Enhancing battery temperature performance through triz
29 Nov, 2023
4 min
Enhancing Battery Temperature
TRIZ, Theory of Inventive Problem Solving, is a systematic and structured approach to addressing challenges, equipped with an array of tools. This scientific methodology relies on the analysis of historical patterns of invention and evolution.
Challenge
The challenge was to expand the temperature working range of cylindrical lithium-ion battery packs used in battery-powered tools. These batteries had limitations in both cold and hot temperatures, affecting their efficiency and lifespan. Current battery management systems monitor and control battery temperature but result in limitations on battery usage.
Solution
The solution involved applying the Theory of Inventive Problem Solving (TRIZ) principles to identify and address the issue. Several TRIZ principles were applied:
Segmentation: The battery pack was divided into smaller parts for more effective temperature monitoring. A stepwise segmented charging technique was implemented for lithium-ion batteries, which induced thermal management by low-temperature internal heating.
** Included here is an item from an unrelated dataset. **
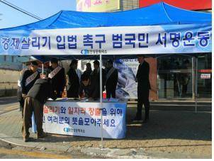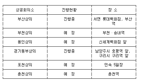 가두서명운동도 활발하게 진행 중이다. 전국상의와 중기중앙회 중심으로 주요 기차역과 터미널, 전통시장에서 서명을 받고 있다.

Moving to a New Dimension: Battery shape and orientation were modified to enhance heat dissipation. Changes in the battery’s physical state were explored to optimize temperature regulation.
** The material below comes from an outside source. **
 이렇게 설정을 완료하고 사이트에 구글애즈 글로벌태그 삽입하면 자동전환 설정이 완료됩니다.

Transformation of Physical and Chemical States: The study investigated using multi-functional electrolytes that could change physical states to regulate battery temperature effectively.
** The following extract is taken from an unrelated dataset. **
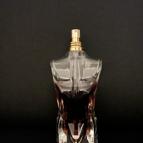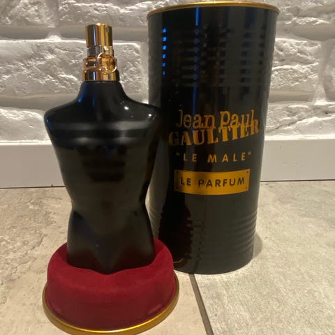 Jean Paul Gaultier Le Male Eau de Parfum Intense med en volum på 125 ml. Parfymen kommer i en svart flaske med gulltekst, designet for menn.

Use of Phase Transitions: Phase change materials were explored to maintain battery temperature within an optimal range.
Composite Materials: The use of composite materials for battery components, such as electrodes and electrolytes, was considered to improve thermal performance.
Results
Implementing these TRIZ principles led to significant improvements in the battery temperature working range. The batteries could now operate more efficiently in both extremely cold and hot conditions, increasing their overall performance and lifespan. Additional benefits included cost reduction, maintenance of equipment size and shape, and reduced weight.
The Conclusion
The application of TRIZ principles provided innovative solutions to the challenge of expanding the temperature working range of lithium-ion battery packs. By segmenting the battery, modifying its shape and orientation, and leveraging phase change materials and composite materials, the batteries could perform optimally in a wider range of temperatures. This not only improved the efficiency of battery-powered tools but also offered economic and practical advantages. TRIZ principles proved to be a valuable problem-solving methodology for enhancing battery technology.